I tested using Fiddler to send HEAD requests & compare the two that "seem better".
Any change on this ticket will require some plugin updates, but template_redirect seems like the option with better workaround vs attachment:14348.diff
Feed Tests
attachment:14348.diff doesn't respond with the expected 302 redirect in most feed plugins, instead it sends a 200. Then the time in the 200 response to HEAD doesn't match the ones in a follow-up 302 > 200 sequence sent to a GET.
- BTW, I checked 5 higher-rated ones & they mainly seem to hook send_headers or template_redirect
- If we use template_redirect then send_headers could be hooked to fix any broken plugins. With the other option, any feed plugins would need to negate this whole tweak with $exit_on_http_head
- Also tested the old Feedburner FeedSmith. It breaks because it hooks template_redirect
- This plugin is still out there semi-frequently & isn't likely to get updated either
Robots Tests
I also tested several robots.txt plugins and they all work as expected with either attachment:14348.diff or template_redirect.
- The only odd thing was one plugin that logs the requester/bot from do_robot. Currently it logs both on HEAD & GET requests.
- Either of the performant fixes limits logging to only GETs (but that's what I personally would have expected).
(FYI that I did this testing on a 3.2.1 setup. Robots.txt requests failed with a 404 to either GET/HEAD, from [18776], but I wasn't sure if that was due to the plugins not being 3.3 compatible yet. Could someone else confirm if this might be a bug in do_robots()?)
- I opened #18841 in regards to the 404 for robots.txt, ignore this side-track here
Caching tests
Caching plugins do play here too, but the two biggest aren't impacted. They both handle HEAD requests in their own ways:
- One responds directly to HEAD based on cached files or an internal GET & won't break on either change
- The other has an odd execution path (& I was too lazy to follow it) but in testing it responded to repeat GET/HEAD requests fine whether the initially cached request was a HEAD or GET
-
attachment
14348-4.diff
added
Mitcho's method, runs after 'template_redirect' but without hooking on it
comment:22
mbijon — 8 months ago
I like how simple Mitcho's method is. Just couldn't figure out how to tie it to template_redirect without making that action a filter. I didn't know how turning template_redirect into a filter would turn out, so this runs just after.
I also added a new constant that would let someone disable this if-required. Probably overkill.

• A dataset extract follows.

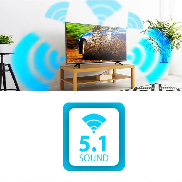Komplektā: televizors, pults, AAA baterijas, garantijas talons, kājiņas uzstādīšanai

Benefits: Maintains handling of canonical links, shortlinks, & old slugs. Keeps possible SEO benefits of those ... which might be useful since search spiders are heavy on HEAD use. This may not be worthwhile, wish I knew more if redirecting a HEAD is useful.
comment:25
ryan — 7 months ago
- Keywords 3.4-early added; 3.3-early removed
- Milestone changed from 3.3 to Future Release
This ticket has 3.4-early, after getting 3.2-early and 3.3-early in the past. Could this be taken in early in 3.4 to allow for broader testing? Pretty please?
comment:28
nacin — 2 months ago
- Keywords 3.5-early added; 3.4-early removed
- Milestone changed from 3.4 to Future Release
Let's actually do this 3.5-early. Not touching this so late. Sorry, mitcho.


Thanks for reporting.